During its life, NWH produced approximately 120 MMbbls of oil, 5 MMbbls of natural gas liquids and 78 Bcf of gas. Current NWH oil in place estimates have an original STOIIP of 1,170 MMbbls (NWH 700 MMbbls, Darwin 470 MMbbls), indicating the NWH recovery factor is low for Brent province reservoirs. Recoveries per well were highly variable and understanding this variability, and addressing the associated issues, is the key to a successful future development of Darwin.
Field Development Plan
Fairfield’s technical work on NWH has been directed towards understanding its reservoir performance as an analogue of what may be expected in the undeveloped southern part of NWH and further to the south in 211/27e. New 3D seismic was shot across the entire area in 2009 to better define the top and base Brent envelope and improve and rationalise the structural fault pattern. Contrary to the original interpretation of the 1980’s-vintage seismic data, the new data shows significantly less faulting and a much better defined structural grain. This is consistent with the inferred structure and the observations from the production history and stratigraphy in the wells. Dynamic modelling has assisted in defining the extents of some of these faults where the tip points were sub-seismic in scale resulting in localised mismatches to the historical production. This comprehensive picture of the structure, combined with the lack of dedicated water injectors, helps to explain the poor water-flood response observed in many of the producing wells on NWH and highlights the importance of a detailed reservoir management and completion strategy.

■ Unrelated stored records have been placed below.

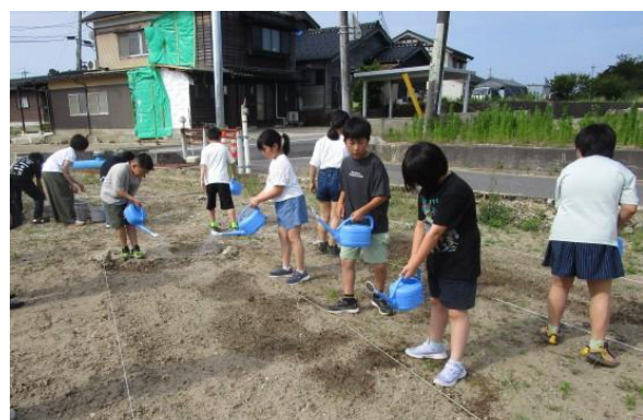
水やりに励む蛸島小の子どもたち

創立150周年記念式典が終わった数日後、5・6年生全員と担任の先生が、「校長先生にお願いしたいことがあります。」と校長室にやって来ました。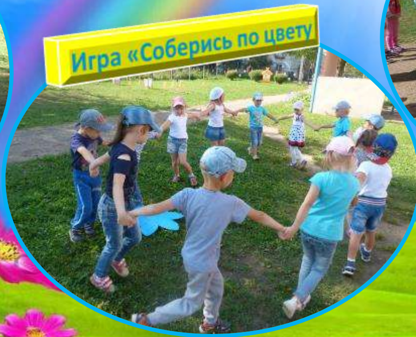
Игра «Соберись по цвету»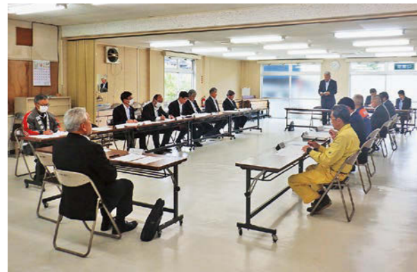
水防協議会の様子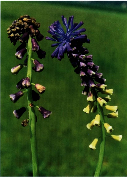
Abb. 2: Antherospora vaillantii auf Muscari tenuiflorum vom Schiedsberg bei Lobejün am 31.5.2002, links der mit dem Brandpilz befallene Blütenstand.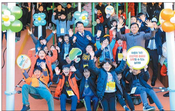
사진은 놀이터 오픈식에 참석한 내빈들과 아이들의 기념촬영 모습.

초록우산어린이재단은 놀이터 구성에 앞서 전교생(93명)과 교사, 학부모가 참여한 가운데 아동권리교육(총 20회)을 실시하는가 하면 3~6학년생 16명으로 구성된 어린이 디자이너들을 디자인워크숍(총 7회)에 참여시켰다.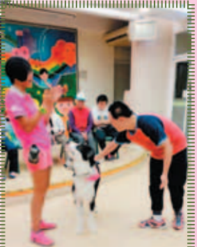
在青年義工指導下，學員溫柔地撫摸狗隻，得到義工拍掌鼓勵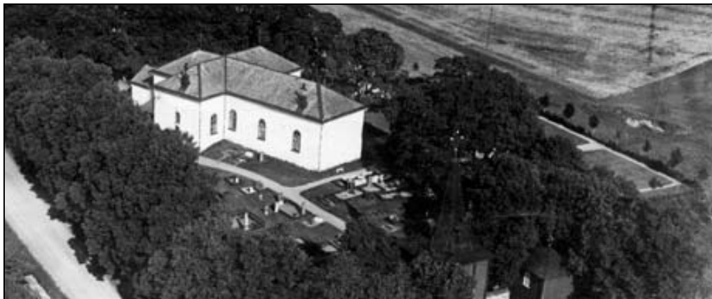
Flygfoto från 1935. Bilden är beskuren.

1882 hittades en murad grav på den plats där klockstapeln tidigare stod strax öster om koret. På fem kvarters djup (ca 75 cm) hittades en kista av murade täljstensskivor.

Detailed petrophysical, stratigraphic and reservoir quality analyses have been completed based on the log and core data, together with a thorough review of all the NWH production data, well histories and production logs. A comprehensive new static model has been constructed to assist in understanding the reserves distribution, reservoir performance, optimum perforation strategy and water injection pattern design. This has resulted in the identification of a phased development approach comprising the proven, but undeveloped oil accumulations in the south of NWH and the prospective but potentially larger accumulations further to the south within block 211/27e. Exploration and appraisal drilling of a number of locations within blocks 211/27a and 211/27e is currently planned for 2012 and 2013. Development will be achieved by the optimised placement of producers and supporting water injectors in individual fault-panels. These fault panels are now well defined on the new seismic data meaning that with an appropriate completion and well management philosophy, producers will receive dedicated water injection support and reservoir sweep on a layer-by-layer basis from their respective injectors. This in-turn implies that the recoveries per well in the Fairfield development plan will be comparable with the upper-limit of what has already been proven to be achievable in the best of the original NWH development wells where good producer-injector pairing, and vertical sweep, was achieved. Evaluation of alternative hosting options for the development are ongoing with comparison economics being run for a tie-back solution to the Fairfield operated Dunlin Platform approximately 25 kms away, a stand-alone FPSO unit and a fixed platform. Requests for service have been issued to prospective hosting service providers and commercial and technical feasibility studies are ongoing. In the case of FPSOs, market enquiries have been issued and a market survey completed. First oil is anticipated in 2018.